SINGAPORE — In a pilot programme, 12 religious organisations here will be allowed to accommodate up to 100 people at a time for congregational and other worship services from Friday (Aug 7) onwards, up from the current limit of a maximum of 50 people.

In a media release on Monday, the Ministry of Culture, Community and Youth (MCCY) said that it has consulted with the various religious leaders — who are also members of the National Steering Committee on Racial and Religious Harmony — to identify the religious organisations for the pilot.

They are:

  • Assyafaah Mosque, Mujahidin Mosque, Al-Istighfar Mosque and Al-Iman Mosque for Friday prayers

  • Sri Mariamman Temple on Fridays and Sri Srinivasa Perumal Temple on Saturdays

  • St Andrew’s Cathedral, Jurong Christian Church, Amazing Grace Presbyterian Church and Sengkang Methodist Church on weekends

  • Kong Meng San Phor Kark See Monastery on weekends

  • Central Sikh Temple on weekends

MCCY said that the sites were chosen because they had already safely conducted congregational and other worship services for up to 50 people under the guidelines during this second phase of Singapore’s reopening after the circuit breaker to contain the spread of Covid-19.

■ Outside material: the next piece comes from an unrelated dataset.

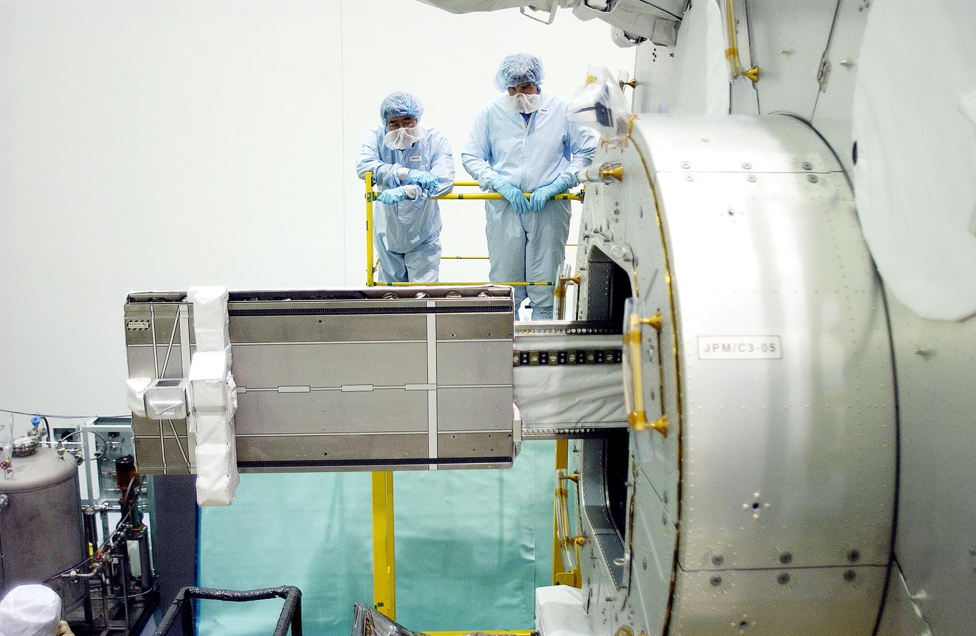 KENNEDY SPACE CENTER, FLA. - In the Space Station Processing Facility, Japanese astronaut Koichi Wakata (top left) and technicians watch as a tray is extended from inside the Pressurized Module, or PM, part of the Japanese Experiment Module (JEM). The PM provides a shirt-sleeve environment in which astronauts on the International Space Station can conduct microgravity experiments. There are a total of 23 racks, including 10 experiment racks, inside the PM providing a power supply, communications, air conditioning, hardware cooling, water control and experiment support functions.

As part of the pilot, there will be an implementation of two zones of up to 50 people each for nine of the 12 religious organisations, the ministry said. The exceptions are: The two Hindu temples and the Buddhist temple.

In worship settings where religious services are structured or seated, these zones will help to minimise interactions among the worshippers.

MCCY said that each zone has to be separated by a physical partition or barrier, and that worshippers must maintain a 1m safe distance from one another at all times.

“To avoid interaction between worshippers across zones, there should also be separate entrances and exits or staggered entry and exit timings for each zone,” the ministry said.

It added that for the Buddhist, Taoist and Hindu temples, the safe management measures in place include ensuring that no crowding or bunching occur at the common areas or the prayer halls.

No singing or other live performances will be permitted during the services, because singing is considered “a higher risk activity as it could potentially release a larger amount of droplets”, MCCY said.

There will also be no mingling between groups. Worshippers must take along their own prayer books and other material rather than share common items.

MCCY said that the religious organisations must submit their updated safe management plans to the ministry at least three days before starting the pilot.

The ministry will then assess how well the participating organisations implement the required safe management measures to provide a safe environment for their worshippers before deciding on whether to increase the limit on the number of worshippers for other religious organisations.